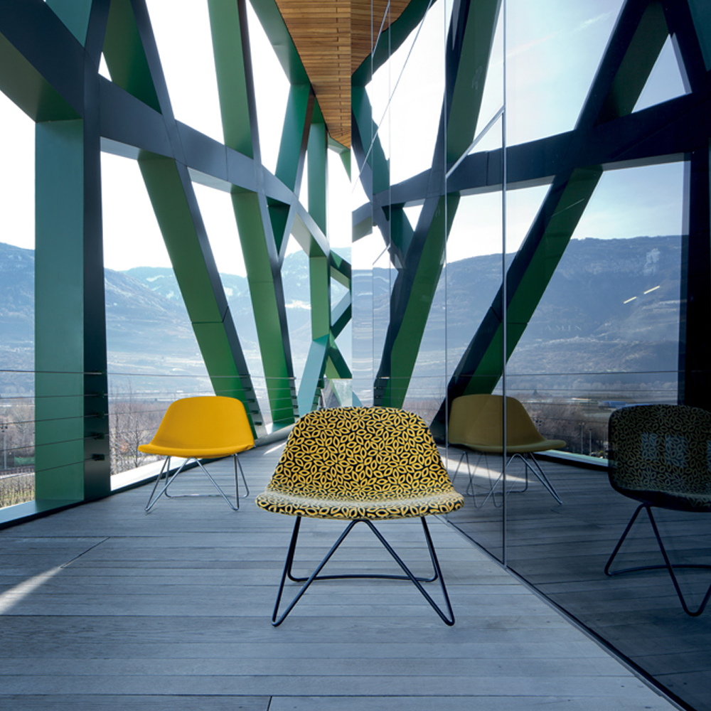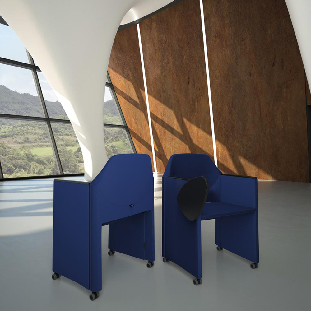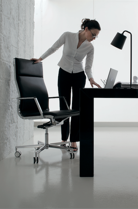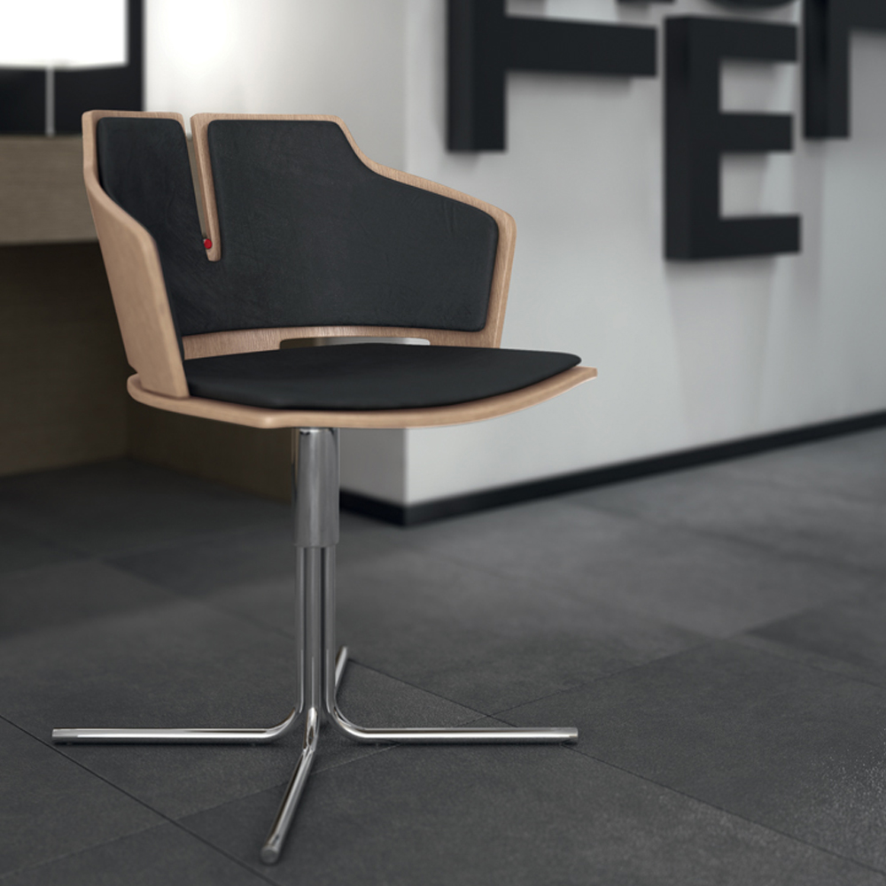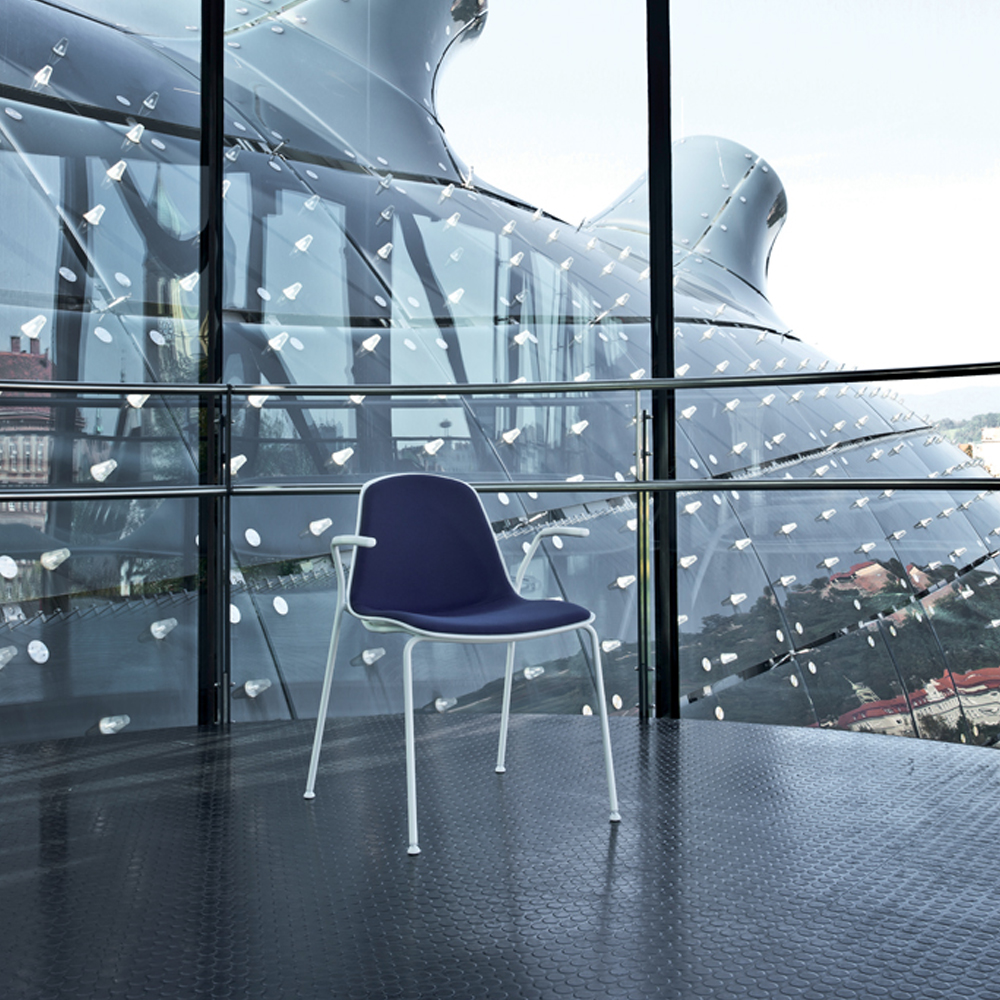 El armazón, disponible en dos alturas de respaldo, alta y media, cuenta con numerosos componentes de aluminio cromado y se apoya en bases de 4-5 vías, o en versión trineo. Tres fundas: una cómoda con gran acolchado, la segunda en malla y la tercera, la joya de la gama, con acolchado plano con ranuras sin costuras gracias al termoformado.
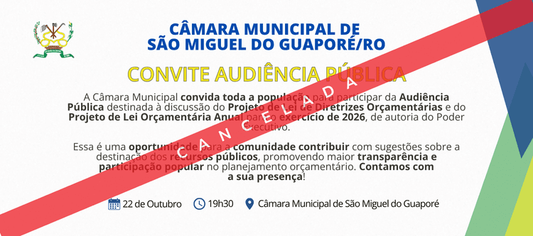 A Câmara Municipal de São Miguel do Guaporé informa que a Audiência Pública, que seria realizada no dia 22 de outubro, às 19h30, para discussão do Projeto de Lei de Diretrizes Orçamentárias (LDO) e do Projeto de Lei Orçamentária Anual (LOA) para o exercício de 2026, foi cancelada. O cancelamento se deve a motivos administrativos, […]
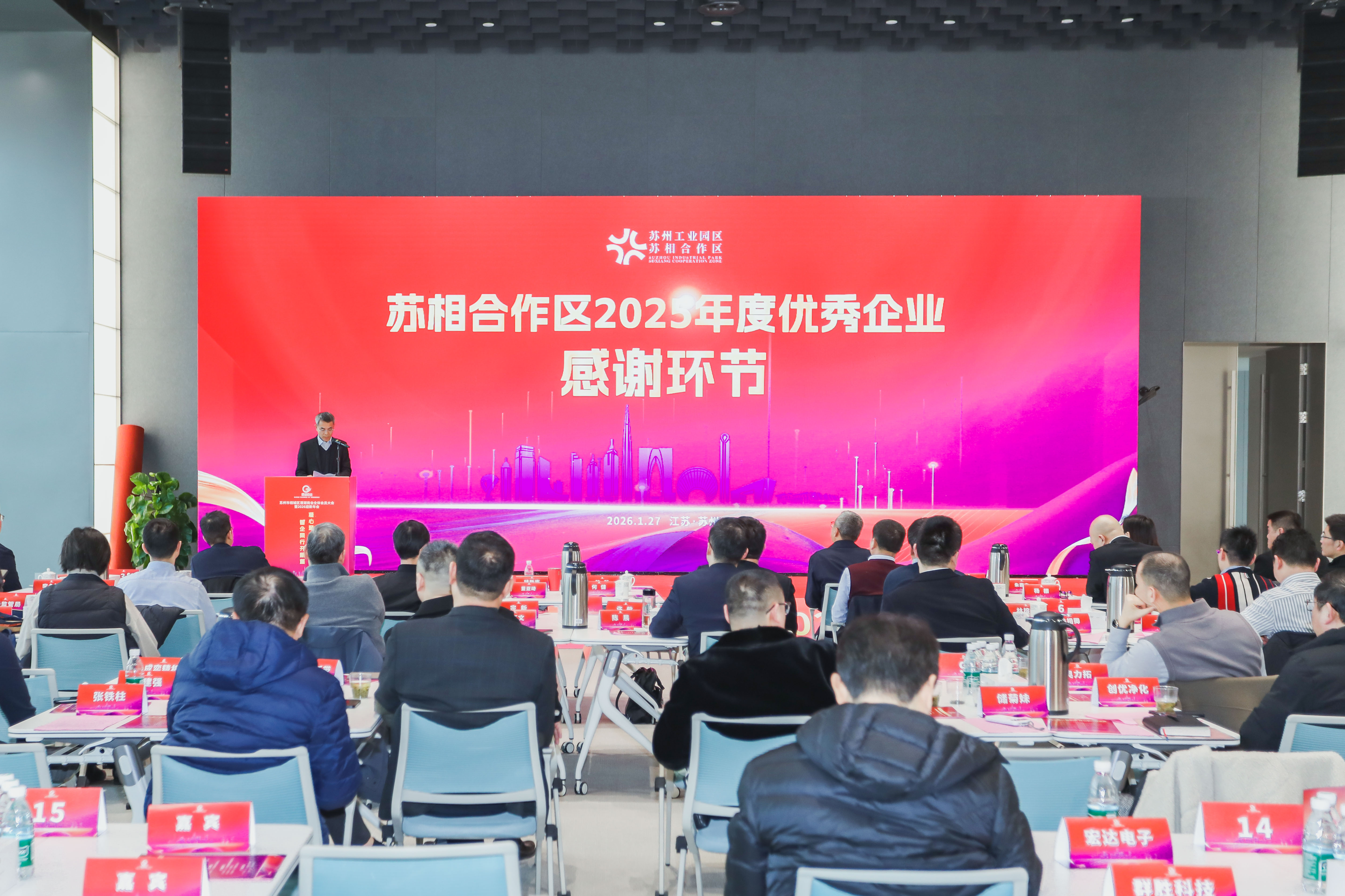 企業是推動蘇相合作區高質量發展的主力軍、中堅力量,更是合作區建設高端制造集聚區的核心動能。此次大會上,合作區對2025年度在經濟發展、同心共建、合作共贏、社會責任等領域表現突出、成效顯著的優秀企業進行集中致謝,福耀玻璃、美的清潔電器、易德龍、卡士酸奶等一批優秀企業代表上臺接受感謝狀。這份認可,是對企業實干篤行、勇于擔當的肯定與褒獎,也是政企同心、攜手并肩、共創未來的堅定承諾。
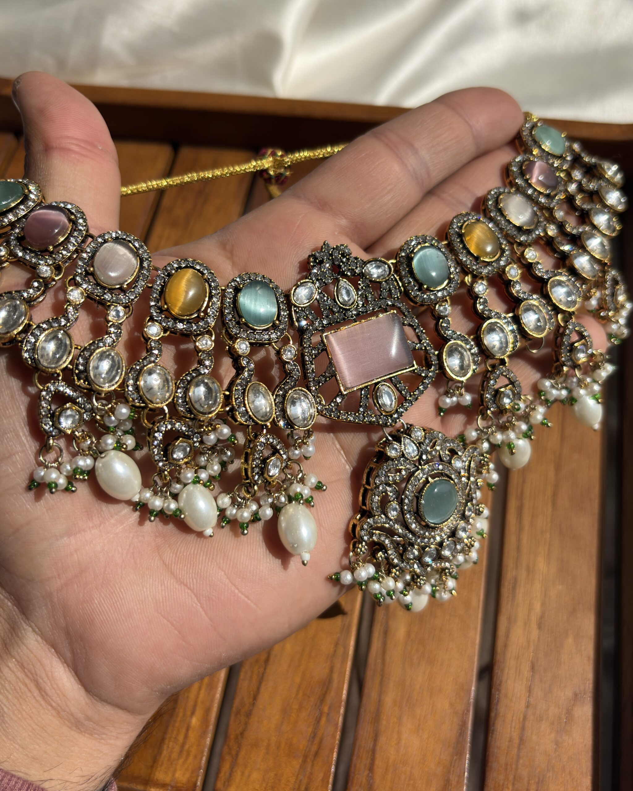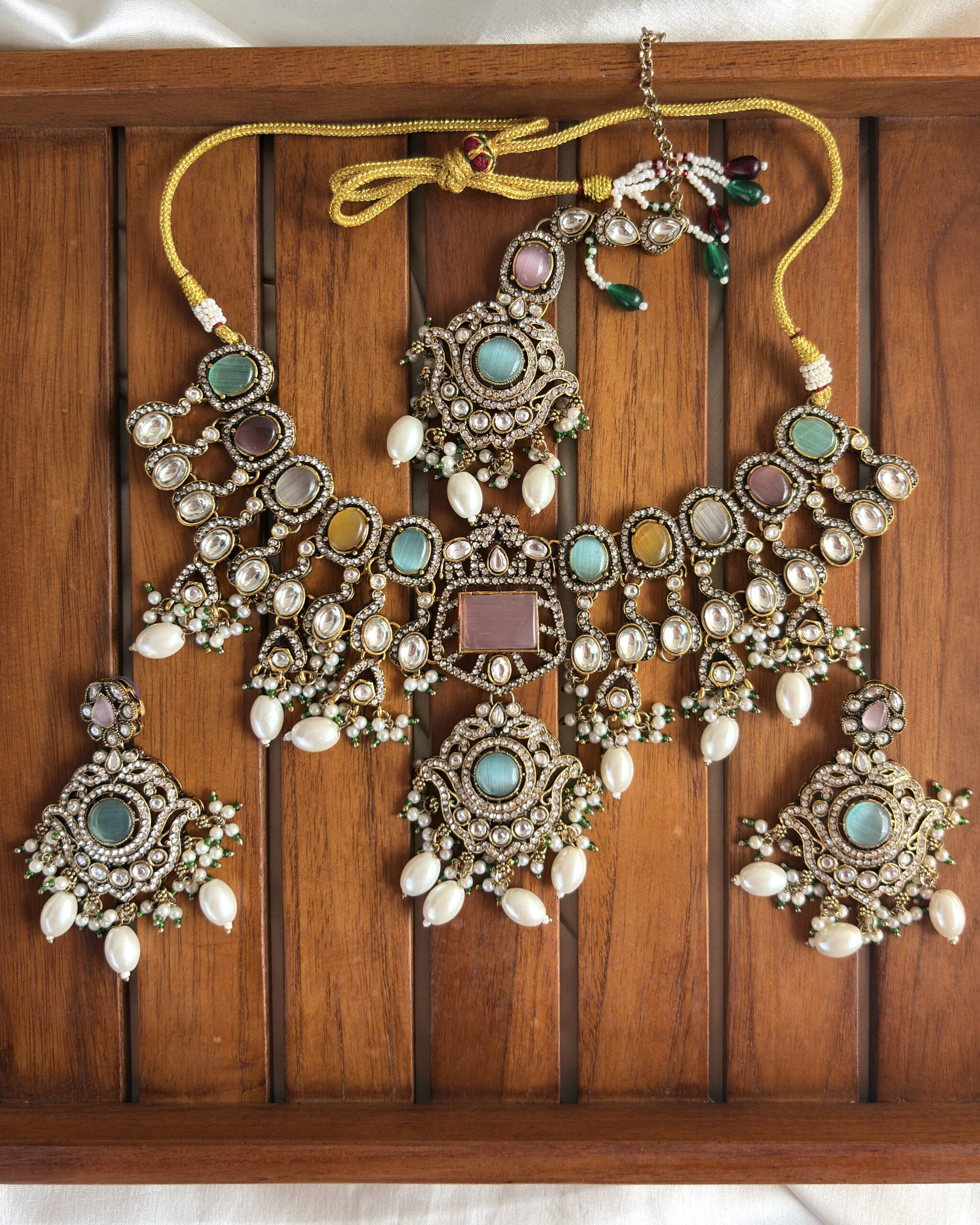 Necklace + Matching EarringsAdjustable dori for comfortIdeal for bridal and festive wear
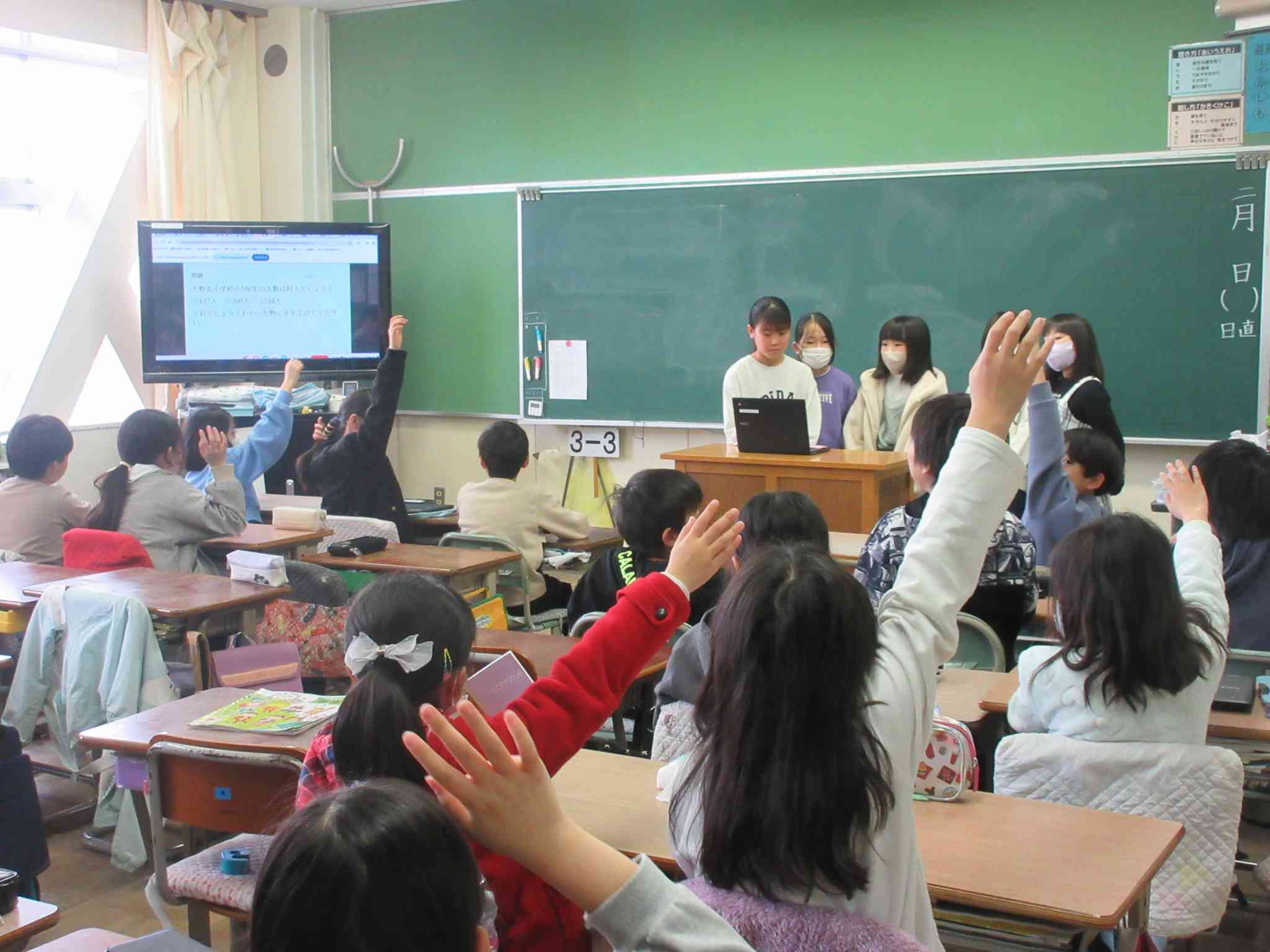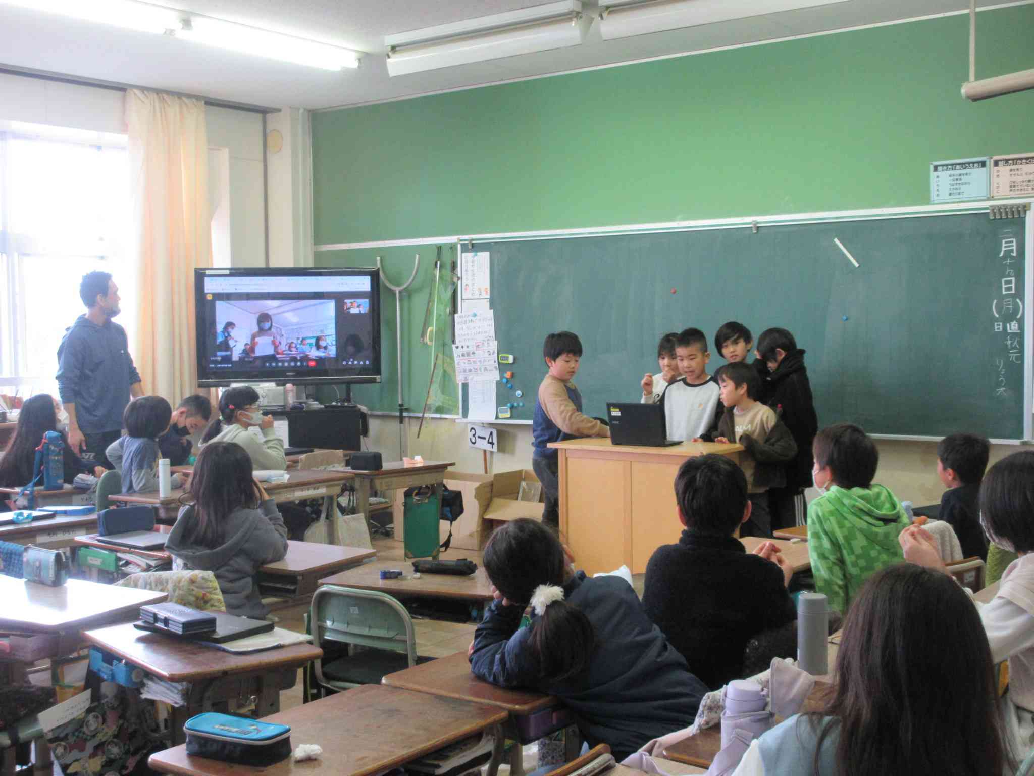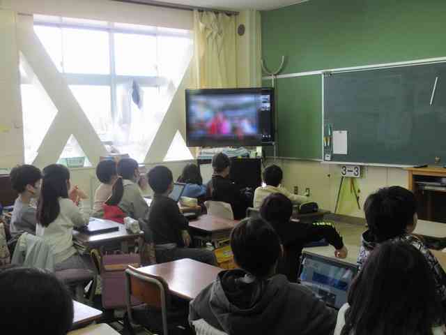 3年生はオンラインでの2回目の交流会を行いました。 お相手は、東京都の中川北小の3年生です。 総合で調べたでいらぼっちや学校のことなどを発表しました。 クイズを出し合ったり、質問をしあったり、 今度取り入れたい発表の仕方を見つけた人もいました。
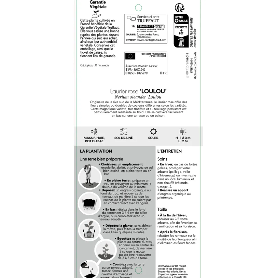 Toxicité par ingestion : Toxique en cas d’ingestion. Eloigner des enfants. En cas d’ingestion, appeler un centre antipoison ou le 15 ou le 112. Conserver l’étiquette ou une photographie du végétal pour faciliter son identification.
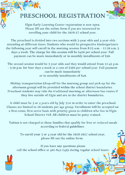 Elgin Public School Preschool & Kindergarten Registration is now open for the 2026-2027 school year!
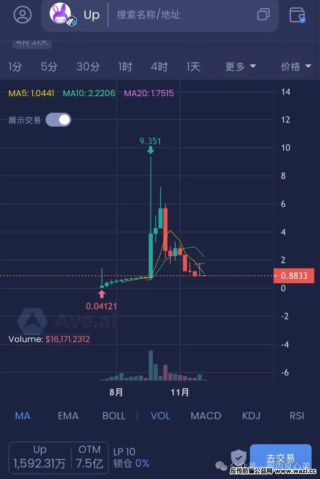 这个虚拟币类的资金盘骗局模式跟拉菲协议差不多的,也是金本位模式,大概就是投资多少U,每天给你1%左右的利息收益。近日也开始出事了,币价暴跌,底池所剩无几,估计快要崩盘跑路了,上线时间为期三个月,崩盘也在一瞬间的事。
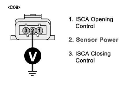 4. Measure the voltage between terminal 2 of ISCA harness connector and chassis ground.
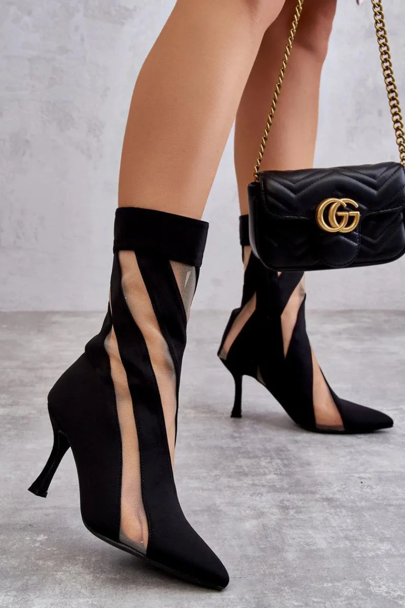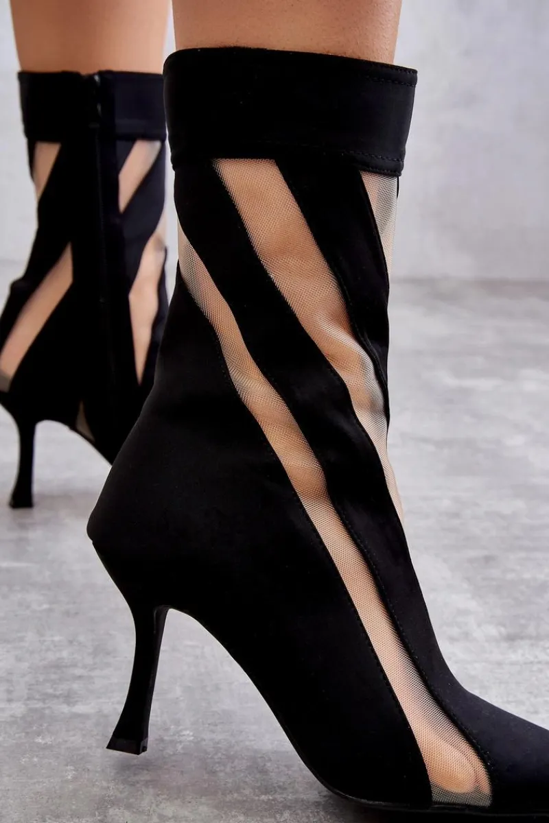 Wyjątkowe, damskie botki to HIT tego sezonu! Świetny fason z ciekawym, modnym wzorem na całości cholewki. Botki zostały wykonane z połączenia materiału oraz tworzywa sztucznego. Model z noskiem w szpic i obcas w postaci szpilki optycznie wysmuklą nogi. Zamykane z boku cholewki na suwak. Przy wyborze rozmiaru prosimy sugerować się tabelą rozmiarów.
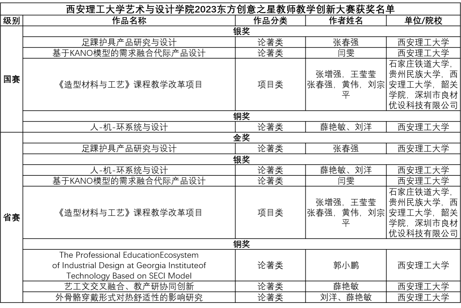 2023东方创意之星教师教学创新大赛(教师赛)获奖名单正式揭晓。公司太阳成集团tyc122ccvip教师脱颖而出,在省赛环节获奖7项,其中,金奖1件、银奖3件、铜奖3件,继而在国赛中取得2银1铜的优异成绩。

+++++

**Activity:**
Output each line exactly as shown above; no pictures go in the copy.

**Task solution:**
 El armazón, disponible en dos alturas de respaldo, alta y media, cuenta con numerosos componentes de aluminio cromado y se apoya en bases de 4-5 vías, o en versión trineo. Tres fundas: una cómoda con gran acolchado, la segunda en malla y la tercera, la joya de la gama, con acolchado plano con ranuras sin costuras gracias al termoformado.
 A Câmara Municipal de São Miguel do Guaporé informa que a Audiência Pública, que seria realizada no dia 22 de outubro, às 19h30, para discussão do Projeto de Lei de Diretrizes Orçamentárias (LDO) e do Projeto de Lei Orçamentária Anual (LOA) para o exercício de 2026, foi cancelada. O cancelamento se deve a motivos administrativos, […]
 企業是推動蘇相合作區高質量發展的主力軍、中堅力量,更是合作區建設高端制造集聚區的核心動能。此次大會上,合作區對2025年度在經濟發展、同心共建、合作共贏、社會責任等領域表現突出、成效顯著的優秀企業進行集中致謝,福耀玻璃、美的清潔電器、易德龍、卡士酸奶等一批優秀企業代表上臺接受感謝狀。這份認可,是對企業實干篤行、勇于擔當的肯定與褒獎,也是政企同心、攜手并肩、共創未來的堅定承諾。
 Necklace + Matching EarringsAdjustable dori for comfortIdeal for bridal and festive wear
 3年生はオンラインでの2回目の交流会を行いました。 お相手は、東京都の中川北小の3年生です。 総合で調べたでいらぼっちや学校のことなどを発表しました。 クイズを出し合ったり、質問をしあったり、 今度取り入れたい発表の仕方を見つけた人もいました。
 Toxicité par ingestion : Toxique en cas d’ingestion. Eloigner des enfants. En cas d’ingestion, appeler un centre antipoison ou le 15 ou le 112. Conserver l’étiquette ou une photographie du végétal pour faciliter son identification.
 Elgin Public School Preschool & Kindergarten Registration is now open for the 2026-2027 school year!
 这个虚拟币类的资金盘骗局模式跟拉菲协议差不多的,也是金本位模式,大概就是投资多少U,每天给你1%左右的利息收益。近日也开始出事了,币价暴跌,底池所剩无几,估计快要崩盘跑路了,上线时间为期三个月,崩盘也在一瞬间的事。
 4. Measure the voltage between terminal 2 of ISCA harness connector and chassis ground.
 Wyjątkowe, damskie botki to HIT tego sezonu! Świetny fason z ciekawym, modnym wzorem na całości cholewki. Botki zostały wykonane z połączenia materiału oraz tworzywa sztucznego. Model z noskiem w szpic i obcas w postaci szpilki optycznie wysmuklą nogi. Zamykane z boku cholewki na suwak. Przy wyborze rozmiaru prosimy sugerować się tabelą rozmiarów.
 2023东方创意之星教师教学创新大赛(教师赛)获奖名单正式揭晓。公司太阳成集团tyc122ccvip教师脱颖而出,在省赛环节获奖7项,其中,金奖1件、银奖3件、铜奖3件,继而在国赛中取得2银1铜的优异成绩。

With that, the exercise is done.